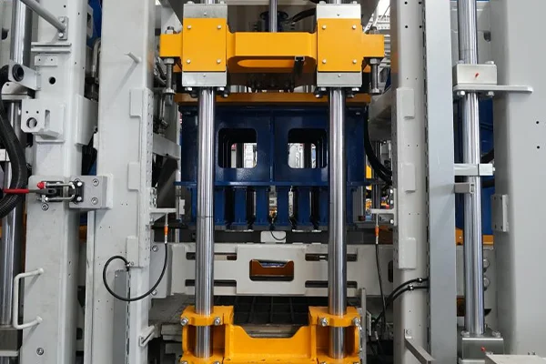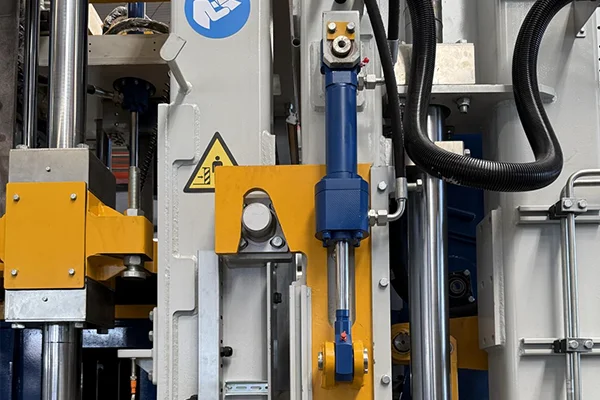 7Trykk på Hodelåseenhet Denne mekaniske låsemekanismen består av høyfaste låseblokker, et kileformet pressehode og dobbeltvirkende hydrauliske sylindre. Under avformingen driver sylindrene låseblokkene for å klemme pressehodet radielt, og danner en mekanisk blokkering. Formen frigjøres deretter under konstant trykk, noe som effektivt eliminerer elastisk tilbakeslag og mikrobevegelse – noe som sikrer skarpe mursteinskanter, glatte overflater og en sterkt forbedret produktkvalifiseringsgrad.
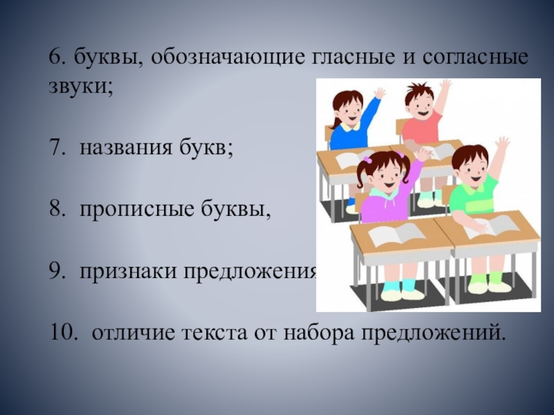 6. буквы, обозначающие гласные и согласные звуки;
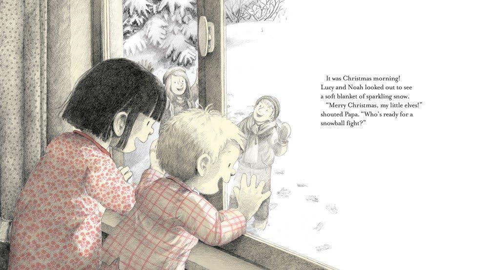 Lucy lies awake looking at the snow globe, disappointed that it won’t be a white Christmas. Suddenly, she feels something soft and cold land on her cheek.
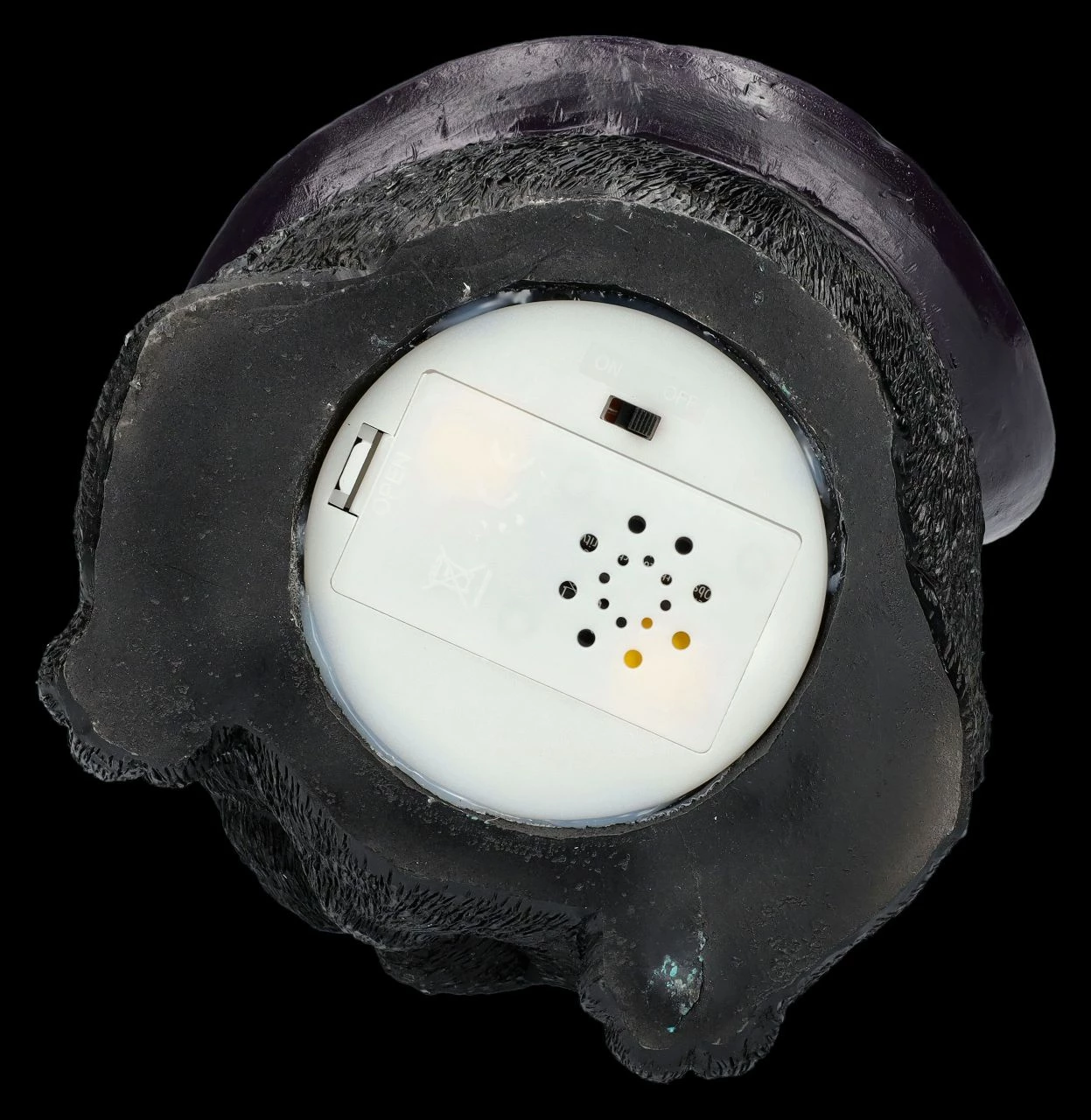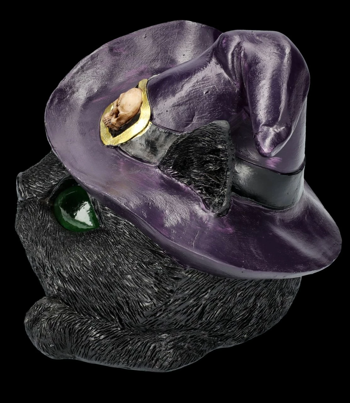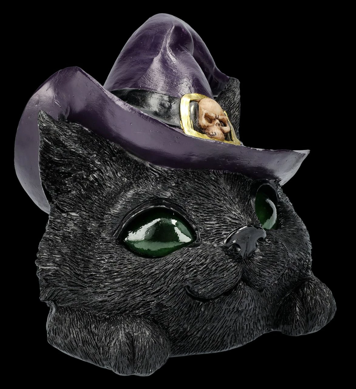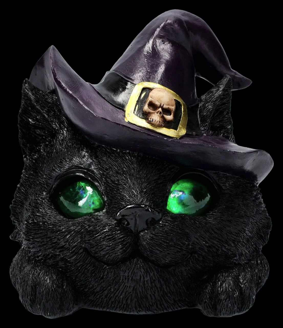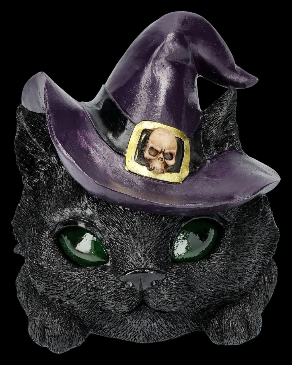 Nicht nur der Hexenhut mit dem Schädel-Emblem zeigt, wem die schwarze Katze gehört. Auch die grün leuchtenden Augen in der Dunkelheit beweisen, dass es der Kopf einer Hexenkatze ist, der hier so harmlos liegt. Die 14 cm hohe, 13 cm breite und 14 cm tiefe Figur mit dem Hexenkatzen-Kopf ist aus handbemaltem Kunststein (Polyresin). Durch die batteriebetriebene LED-Beleuchtung mit Farbwechsler wirken die Augen sehr mystisch. Für die LED-Beleuchtung werden 2 x AA Batterien benötigt, die jedoch nicht in der Lieferung enthalten sind. Familiar Grin, die Figur mit dem Hexenkatzen-Kopf, ist vor allem an Halloween eine perfekte Deko.
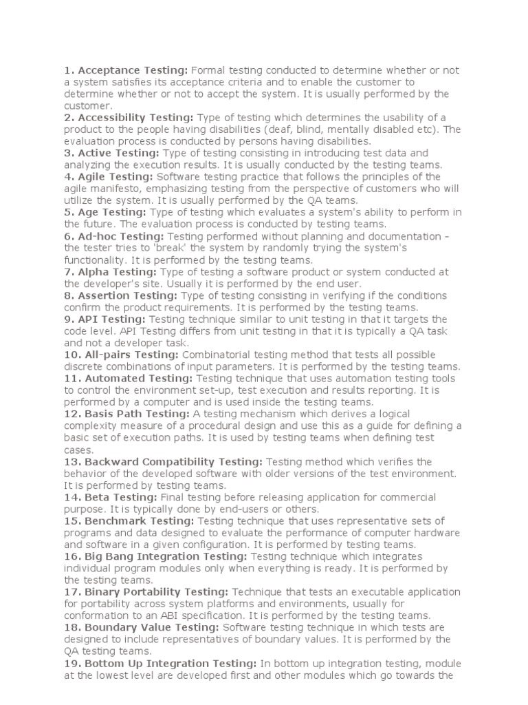Acceptance Testing: Formal testing conducted to determine whether or not a system satisfies its acceptance criteria and to enable the customer to determine whether or not to accept the system. It is usually performed by the customer. 2. Accessibility Testing: Type of testing which determines the usability of a product to the people having disabilities (deaf, blind, mentally disabled etc). The evaluation process is conducted by persons having disabilities. 3. Active Testing: Type of testing consisting in introducing test data and analyzing the execution results. It is usually conducted by the testing teams. 4. Agile Testing: Software testing practice that follows the principles of the agile manifesto, emphasizing testing from the perspective of customers who will utilize the system. It is usually performed by the QA teams. 5. Age Testing: Type of testing which evaluates a system's ability to perform in the future. The evaluation process is conducted by testing teams. 6. Ad-hoc Testing: Testing performed without planning and documentation the tester tries to 'break' the system by randomly trying the system's functionality. It is performed by the testing teams. 7. Alpha Testing: Type of testing a software product or system conducted at the developer's site. Usually it is performed by the end user. 8. Assertion Testing: Type of testing consisting in verifying if the conditions confirm the product requirements. It is performed by the testing teams. 9. API Testing: Testing technique similar to unit testing in that it targets the code level. API Testing differs from unit testing in that it is typically a QA task and not a developer task. 10. All-pairs Testing: Combinatorial testing method that tests all possible discrete combinations of input parameters. It is performed by the testing teams. 11. Automated Testing: Testing technique that uses automation testing tools to control the environment set-up, test execution and results reporting. It is performed by a computer and is used inside the testing teams. 12. Basis Path Testing: A testing mechanism which derives a logical complexity measure of a procedural design and use this as a guide for defining a basic set of execution paths. It is used by testing teams when defining test cases. 13. Backward Compatibility Testing: Testing method which verifies the behavior of the developed software with older versions of the test environment. It is performed by testing teams. 14. Beta Testing: Final testing before releasing application for commercial purpose. It is typically done by end-users or others. 15. Benchmark Testing: Testing technique that uses representative sets of programs and data designed to evaluate the performance of computer hardware and software in a given configuration. It is performed by testing teams. 16. Big Bang Integration Testing: Testing technique which integrates individual program modules only when everything is ready. It is performed by the testing teams. 17. Binary Portability Testing: Technique that tests an executable application for portability across system platforms and environments, usually for conformation to an ABI specification. It is performed by the testing teams. 18. Boundary Value Testing: Software testing technique in which tests are designed to include representatives of boundary values. It is performed by the QA testing teams. 19. Bottom Up Integration Testing: In bottom up integration testing, module at the lowest level are developed first and other modules which go towards the

◆ ◆ ◆ ◆

Directions for this task =
The full material above must be output verbatim, minus any pictures.

Written response =
 7Trykk på Hodelåseenhet Denne mekaniske låsemekanismen består av høyfaste låseblokker, et kileformet pressehode og dobbeltvirkende hydrauliske sylindre. Under avformingen driver sylindrene låseblokkene for å klemme pressehodet radielt, og danner en mekanisk blokkering. Formen frigjøres deretter under konstant trykk, noe som effektivt eliminerer elastisk tilbakeslag og mikrobevegelse – noe som sikrer skarpe mursteinskanter, glatte overflater og en sterkt forbedret produktkvalifiseringsgrad.
 6. буквы, обозначающие гласные и согласные звуки;
 Lucy lies awake looking at the snow globe, disappointed that it won’t be a white Christmas. Suddenly, she feels something soft and cold land on her cheek.
 Nicht nur der Hexenhut mit dem Schädel-Emblem zeigt, wem die schwarze Katze gehört. Auch die grün leuchtenden Augen in der Dunkelheit beweisen, dass es der Kopf einer Hexenkatze ist, der hier so harmlos liegt. Die 14 cm hohe, 13 cm breite und 14 cm tiefe Figur mit dem Hexenkatzen-Kopf ist aus handbemaltem Kunststein (Polyresin). Durch die batteriebetriebene LED-Beleuchtung mit Farbwechsler wirken die Augen sehr mystisch. Für die LED-Beleuchtung werden 2 x AA Batterien benötigt, die jedoch nicht in der Lieferung enthalten sind. Familiar Grin, die Figur mit dem Hexenkatzen-Kopf, ist vor allem an Halloween eine perfekte Deko.
Acceptance Testing: Formal testing conducted to determine whether or not a system satisfies its acceptance criteria and to enable the customer to determine whether or not to accept the system. It is usually performed by the customer. 2. Accessibility Testing: Type of testing which determines the usability of a product to the people having disabilities (deaf, blind, mentally disabled etc). The evaluation process is conducted by persons having disabilities. 3. Active Testing: Type of testing consisting in introducing test data and analyzing the execution results. It is usually conducted by the testing teams. 4. Agile Testing: Software testing practice that follows the principles of the agile manifesto, emphasizing testing from the perspective of customers who will utilize the system. It is usually performed by the QA teams. 5. Age Testing: Type of testing which evaluates a system's ability to perform in the future. The evaluation process is conducted by testing teams. 6. Ad-hoc Testing: Testing performed without planning and documentation the tester tries to 'break' the system by randomly trying the system's functionality. It is performed by the testing teams. 7. Alpha Testing: Type of testing a software product or system conducted at the developer's site. Usually it is performed by the end user. 8. Assertion Testing: Type of testing consisting in verifying if the conditions confirm the product requirements. It is performed by the testing teams. 9. API Testing: Testing technique similar to unit testing in that it targets the code level. API Testing differs from unit testing in that it is typically a QA task and not a developer task. 10. All-pairs Testing: Combinatorial testing method that tests all possible discrete combinations of input parameters. It is performed by the testing teams. 11. Automated Testing: Testing technique that uses automation testing tools to control the environment set-up, test execution and results reporting. It is performed by a computer and is used inside the testing teams. 12. Basis Path Testing: A testing mechanism which derives a logical complexity measure of a procedural design and use this as a guide for defining a basic set of execution paths. It is used by testing teams when defining test cases. 13. Backward Compatibility Testing: Testing method which verifies the behavior of the developed software with older versions of the test environment. It is performed by testing teams. 14. Beta Testing: Final testing before releasing application for commercial purpose. It is typically done by end-users or others. 15. Benchmark Testing: Testing technique that uses representative sets of programs and data designed to evaluate the performance of computer hardware and software in a given configuration. It is performed by testing teams. 16. Big Bang Integration Testing: Testing technique which integrates individual program modules only when everything is ready. It is performed by the testing teams. 17. Binary Portability Testing: Technique that tests an executable application for portability across system platforms and environments, usually for conformation to an ABI specification. It is performed by the testing teams. 18. Boundary Value Testing: Software testing technique in which tests are designed to include representatives of boundary values. It is performed by the QA testing teams. 19. Bottom Up Integration Testing: In bottom up integration testing, module at the lowest level are developed first and other modules which go towards the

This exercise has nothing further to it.